[Collection entries]
◇ ◇ ◇ ◇ ◇ ◇ ◇
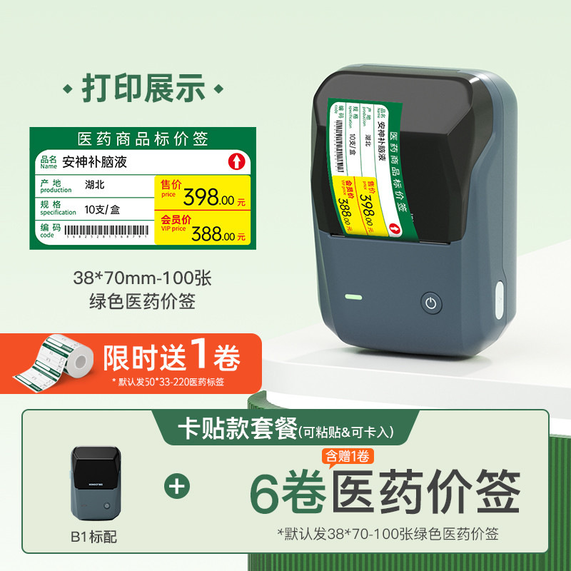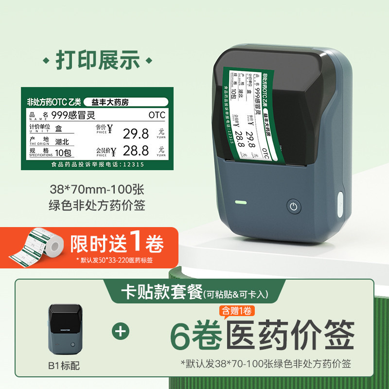 • [용지 걸림_붙이기 2용] B1 기계 + 파란색 의약품 가격표 6롤 + 무료 의약품 라벨 1롤
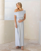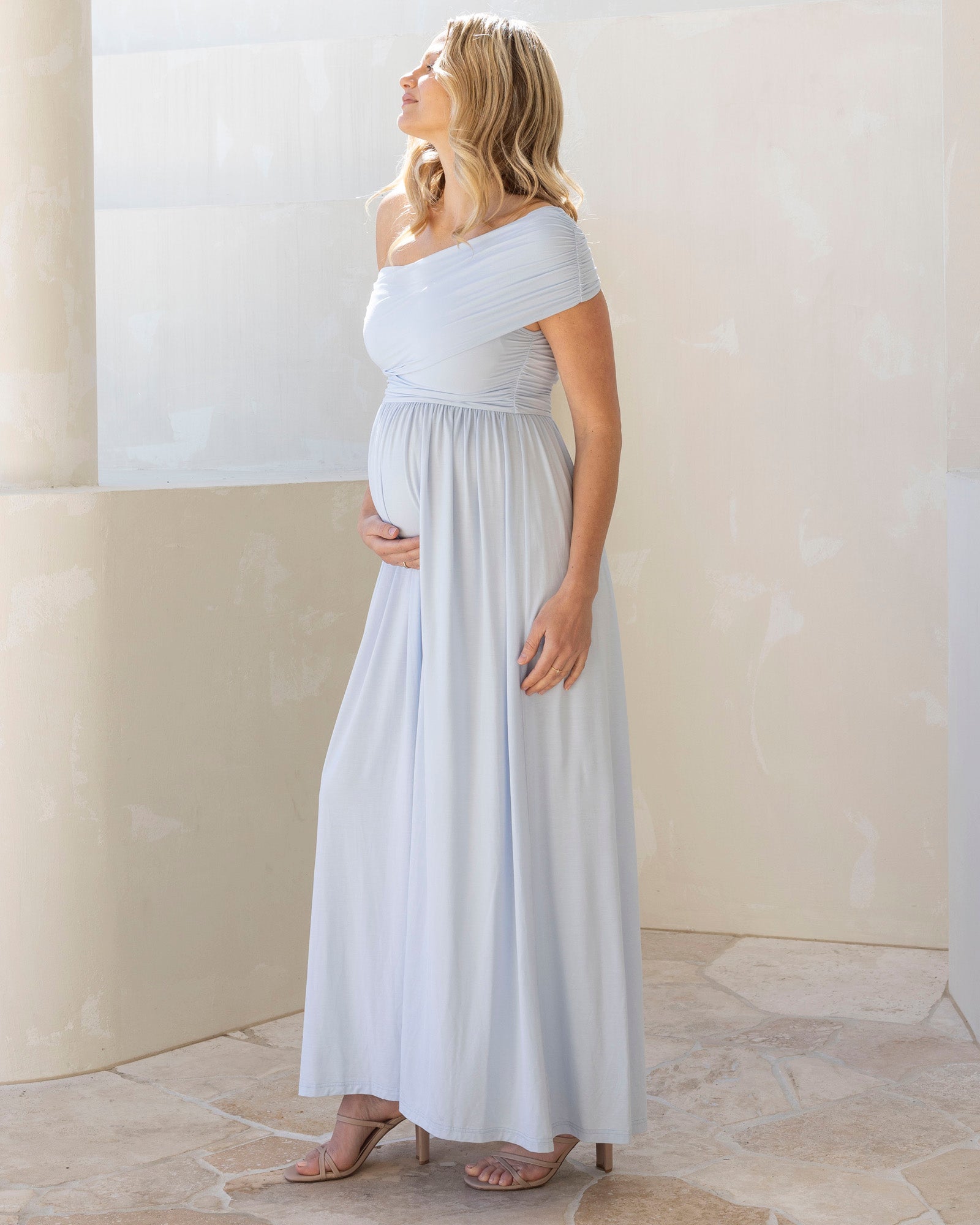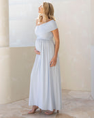 Turn heads at your baby shower or babymoon with this elegant off-shoulder maternity maxi dress. Designed in a versatile one-shoulder or off-shoulder style, the fitted bodice highlights your shape while the soft gathering from the waistline flows into a subtle baby doll silhouette.
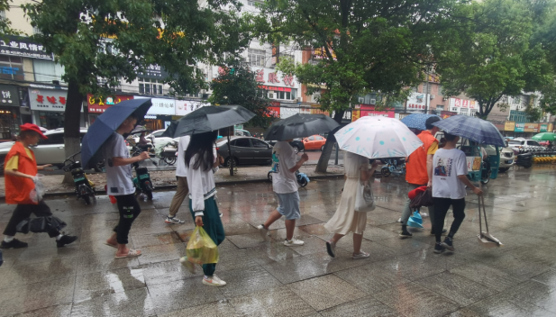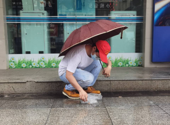 雨点阵阵,挡不住的是志愿者火热的心。当志愿者准备出发之际,正是雨势最大之时。他们在风华园前集合前往校门口街道,冒着风雨,提着扫帚,清扫街边垃圾。分小队,分区域,一人扫地,一人打伞,默契合作,仔细地打扫街道。水中的落叶被清扫得干干净净,浸湿的烟头被一个一个捡起……
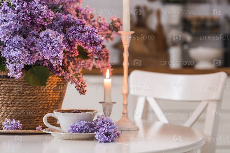 Большой фиолетовый букет сирен в плетеновой корзине, чашка чая и свечи на столе.На заднем плане интерьер современной белой кухни
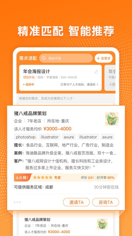 猪八戒网接单赚钱app特色
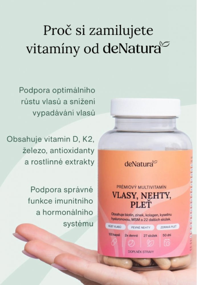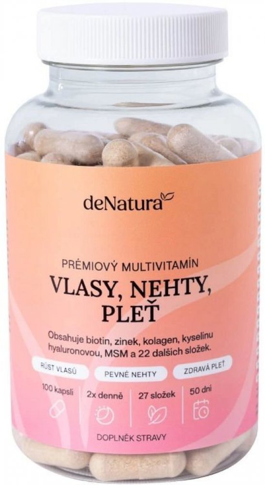 deNatura 100 tbl kapsle vlasy, nehty, pleť unisex deNatura pro dospělé perorální bez příchutě Česká republika multivitamínové komplexy vlasy, kůže a nehty s postupným uvolňováním 50 Kdykoliv 2 za den Suché místo + pokojová teplota, Chránit před světlem/sluncem, Mimo dos
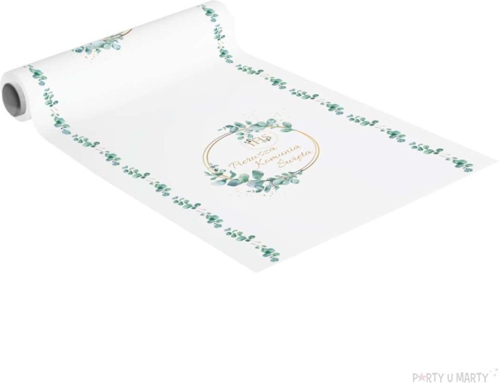Oryginalny dodatek do dekoracji stołu w postaci papierowego bieżnika w białym kolorze ze wzorem liści eukaliptusa i złotym napisem Pierwsza Komunia Święta w okręgu. Znajduje się na nim również kielich z hostią IHS. Dzięki nim cała aranżacja komunijna w prosty sposób nabierze elegancji, a sam …
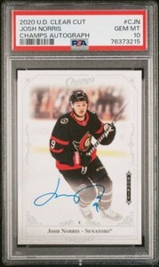 Josh Norris PSA 10 ROOKIE 2020 UD Clear Cut Champs Auto on card Senators
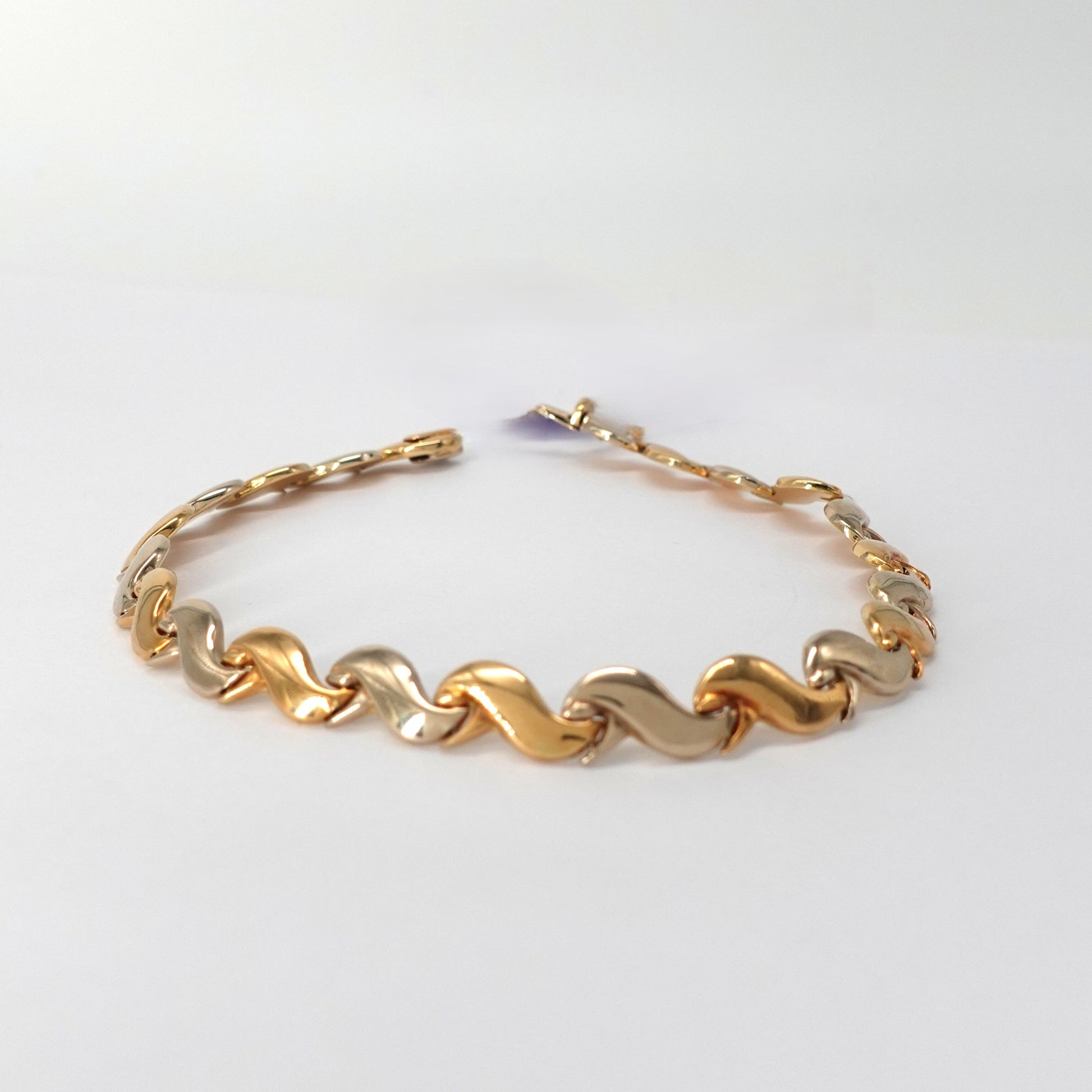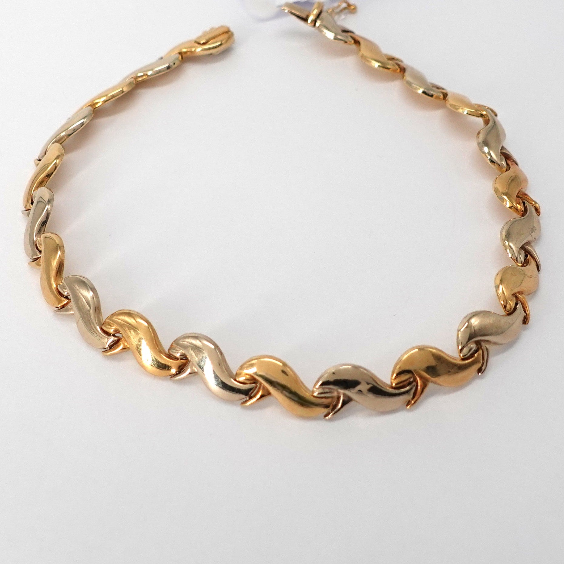 Bracciale in oro giallo e bianco 18kt, a onde.
◇ ◇ ◇ ◇ ◇ ◇ ◇
- WORK REQUIRED -
An exact copy of the lines above, from the first through the line that holds "Oryginalny dodatek do", is what is needed; leave the pictures out.

- COMPLETED EXERCISE -
 • [용지 걸림_붙이기 2용] B1 기계 + 파란색 의약품 가격표 6롤 + 무료 의약품 라벨 1롤
 Turn heads at your baby shower or babymoon with this elegant off-shoulder maternity maxi dress. Designed in a versatile one-shoulder or off-shoulder style, the fitted bodice highlights your shape while the soft gathering from the waistline flows into a subtle baby doll silhouette.
 雨点阵阵,挡不住的是志愿者火热的心。当志愿者准备出发之际,正是雨势最大之时。他们在风华园前集合前往校门口街道,冒着风雨,提着扫帚,清扫街边垃圾。分小队,分区域,一人扫地,一人打伞,默契合作,仔细地打扫街道。水中的落叶被清扫得干干净净,浸湿的烟头被一个一个捡起……
 Большой фиолетовый букет сирен в плетеновой корзине, чашка чая и свечи на столе.На заднем плане интерьер современной белой кухни
 猪八戒网接单赚钱app特色
 deNatura 100 tbl kapsle vlasy, nehty, pleť unisex deNatura pro dospělé perorální bez příchutě Česká republika multivitamínové komplexy vlasy, kůže a nehty s postupným uvolňováním 50 Kdykoliv 2 za den Suché místo + pokojová teplota, Chránit před světlem/sluncem, Mimo dos
Oryginalny dodatek do dekoracji stołu w postaci papierowego bieżnika w białym kolorze ze wzorem liści eukaliptusa i złotym napisem Pierwsza Komunia Święta w okręgu. Znajduje się na nim również kielich z hostią IHS. Dzięki nim cała aranżacja komunijna w prosty sposób nabierze elegancji, a sam …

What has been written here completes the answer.